Fast forward 3 years. After two generations of Moore's Law, said computer now
costs $250,000, and can profitably replace people worth $50,000/year. Previous
generations of technology always had the result that there are other things
humans can be trained to do more easily than you can build machines to do it,
so humans move. But there is nothing you can train displaced people to do that
the computer can't do as well. What happens?

Fast forward another 3 years. Most people are unemployed because they can't do
anything that those with money can't get done with machines. In theory there
is enough excess capacity for everyone. In practice investors will demand
returns and efficiency, and attempts at economic redistribution have never
succeeded.

There are a lot of arguments against this.

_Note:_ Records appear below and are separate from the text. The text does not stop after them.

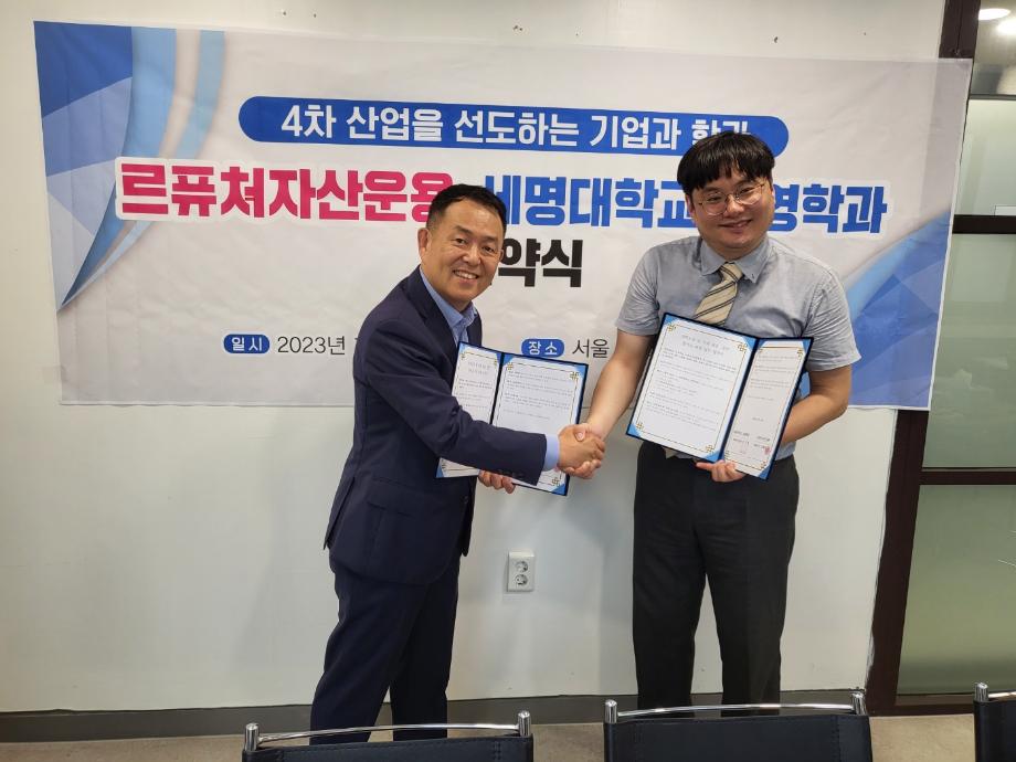 본문 시작 홈으로 커뮤니티 학과소개 학생진로 교과과정 커뮤니티 학과 SNS 홈페이지가이드 학과 갤러리 공지사항 대학원 학과 갤러리 학과 이야기 동아리 학생회 학과 갤러리 페이스북 트위터 프린트 [경영학과] 르퓨쳐자산운용 협약식 경영학과 5485 2023-07-18 2023년 7월 14일 금요일 르퓨쳐자산운용이 세명대 경영학과와 인재채용 및 개발 협력과 관련된 협약식을 체결했다. 목록 이전[경영학과] 세명고등학교 방문 행사 다음 [경영학과] 제천여고 지도 담당부서 : 경영학과 담당자 : - 연락처 : 043-649-1766 최종수정일 : 2024-10-26 만족도조사 만족도 조사 이 페이지에서 제공하는 정보에 대하여 만족하시나요? 매우만족 만족 보통 불만족 매우불만족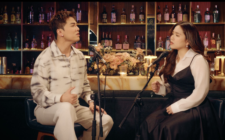 Hoàng Thắng - Minh Trâm (trái qua) mang tới liên khúc 'Biết nói gì đây - Chuyện ba người' với sự hỗ trợ của Khưu Huy Vũ - quán quân Tuyệt đỉnh song ca 2018 (phải).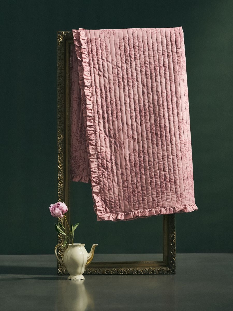 Стьобане покривало на ліжко з квітковим візерунком і оборкою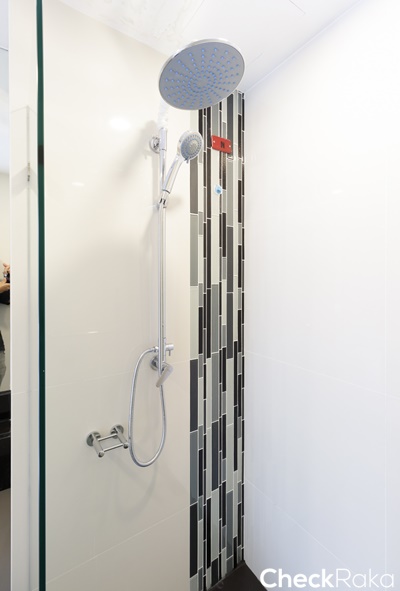 ผนังบริเวณ Shower กรุด้วยกระเบื้องแกรนิตโต้ ขนาด 60x60 ซม. บางส่วนตกแต่งด้วยกระเบื้องโมเสคโทนสีเทาดำ

A common one is based on the concept of competitive advantage and the benefits
of free trade. Adding robots is therefore good. However that argument has a
major flaw. It is true that with 2 parties, if you open up free trade then
both benefit. It is true that with 3 parties, opening up free trade leaves
everyone better off. However it is _also_ possible (and fairly common) that
free trade with 3 parties works to the advantage of two, and the disadvantage
of the third. (For a real world example, look at the long-term economic
decline along the silk road after Europe began trading directly with Asia via
ships.)

A second one is based on history. It is true that every advance in technology
has left people better off. But that is because there was always something
that people had a comparative advantage over machines at that people really
wanted. And the cause of our comparative advantage is our intelligence. If
machines can supply that, then we cannot demand a salary that is greater than
the value of the resources needed to do the same job with machines. Once that
happens, Moore's Law is _not_ our friend any more.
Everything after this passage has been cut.